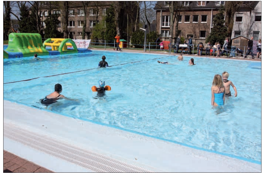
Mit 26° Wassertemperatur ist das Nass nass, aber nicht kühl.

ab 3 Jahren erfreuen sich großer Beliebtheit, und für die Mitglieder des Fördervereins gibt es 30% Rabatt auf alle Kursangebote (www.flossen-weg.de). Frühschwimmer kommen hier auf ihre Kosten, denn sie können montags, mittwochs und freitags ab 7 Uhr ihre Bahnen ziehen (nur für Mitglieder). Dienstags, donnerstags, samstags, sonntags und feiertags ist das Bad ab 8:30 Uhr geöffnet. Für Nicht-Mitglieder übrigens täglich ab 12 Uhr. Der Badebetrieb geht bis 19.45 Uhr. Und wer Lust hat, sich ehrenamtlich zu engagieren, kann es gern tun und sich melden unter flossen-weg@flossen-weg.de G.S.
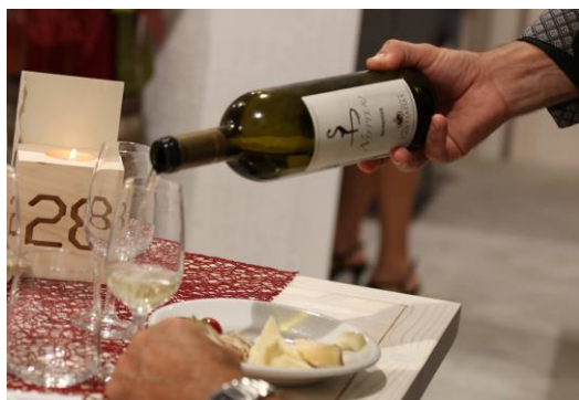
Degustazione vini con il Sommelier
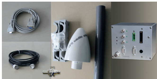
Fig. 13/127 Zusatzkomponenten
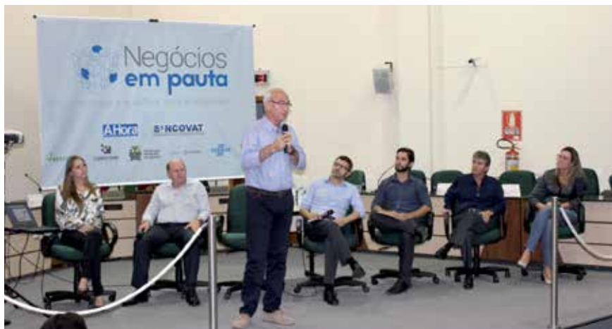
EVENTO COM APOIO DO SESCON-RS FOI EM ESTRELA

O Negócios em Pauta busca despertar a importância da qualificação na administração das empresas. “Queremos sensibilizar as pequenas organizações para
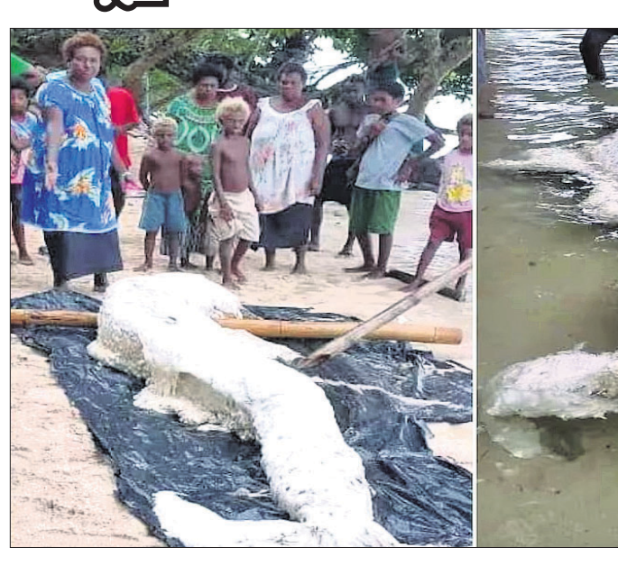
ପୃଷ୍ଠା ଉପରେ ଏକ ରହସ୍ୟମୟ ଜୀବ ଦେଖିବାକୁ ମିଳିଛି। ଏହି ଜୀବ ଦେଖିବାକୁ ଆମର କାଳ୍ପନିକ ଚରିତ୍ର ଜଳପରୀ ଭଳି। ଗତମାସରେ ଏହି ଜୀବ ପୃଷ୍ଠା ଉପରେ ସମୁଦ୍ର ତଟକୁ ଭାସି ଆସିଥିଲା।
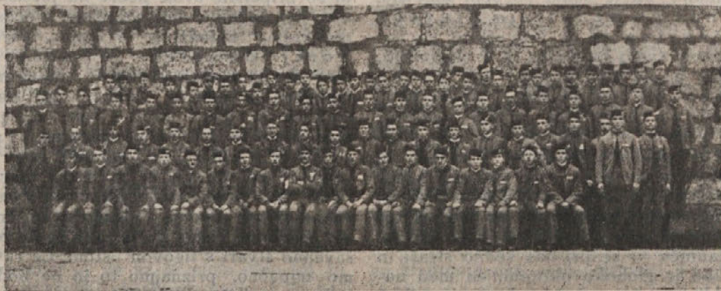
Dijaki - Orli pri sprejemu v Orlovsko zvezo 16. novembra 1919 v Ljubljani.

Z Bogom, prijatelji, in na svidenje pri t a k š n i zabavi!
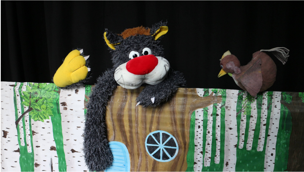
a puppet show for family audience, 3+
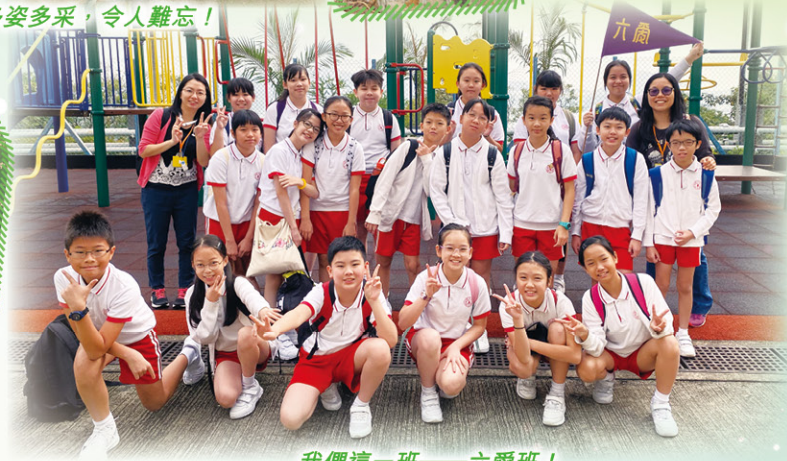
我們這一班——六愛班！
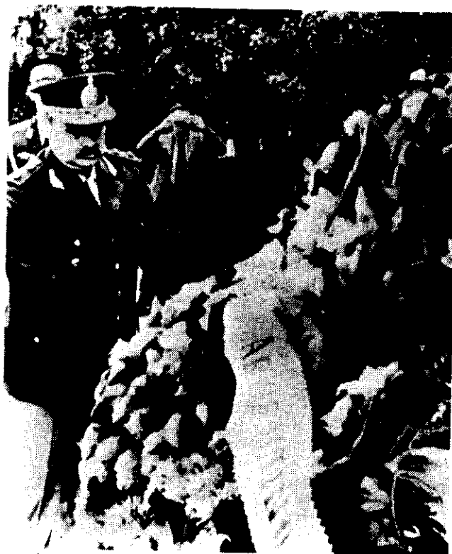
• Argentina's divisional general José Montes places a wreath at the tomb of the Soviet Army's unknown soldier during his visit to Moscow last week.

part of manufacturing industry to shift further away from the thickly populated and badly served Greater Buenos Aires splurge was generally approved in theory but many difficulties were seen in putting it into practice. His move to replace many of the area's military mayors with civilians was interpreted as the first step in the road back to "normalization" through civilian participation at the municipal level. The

What to do — Although the records above contain pictures, the copy should not; retype exactly the lines from the one containing "Z Bogom, prijatelji, in" through the one containing "Moscow last week.".

Solution to the problem —
Z Bogom, prijatelji, in na svidenje pri t a k š n i zabavi!
a puppet show for family audience, 3+
我們這一班——六愛班！
• Argentina's divisional general José Montes places a wreath at the tomb of the Soviet Army's unknown soldier during his visit to Moscow last week.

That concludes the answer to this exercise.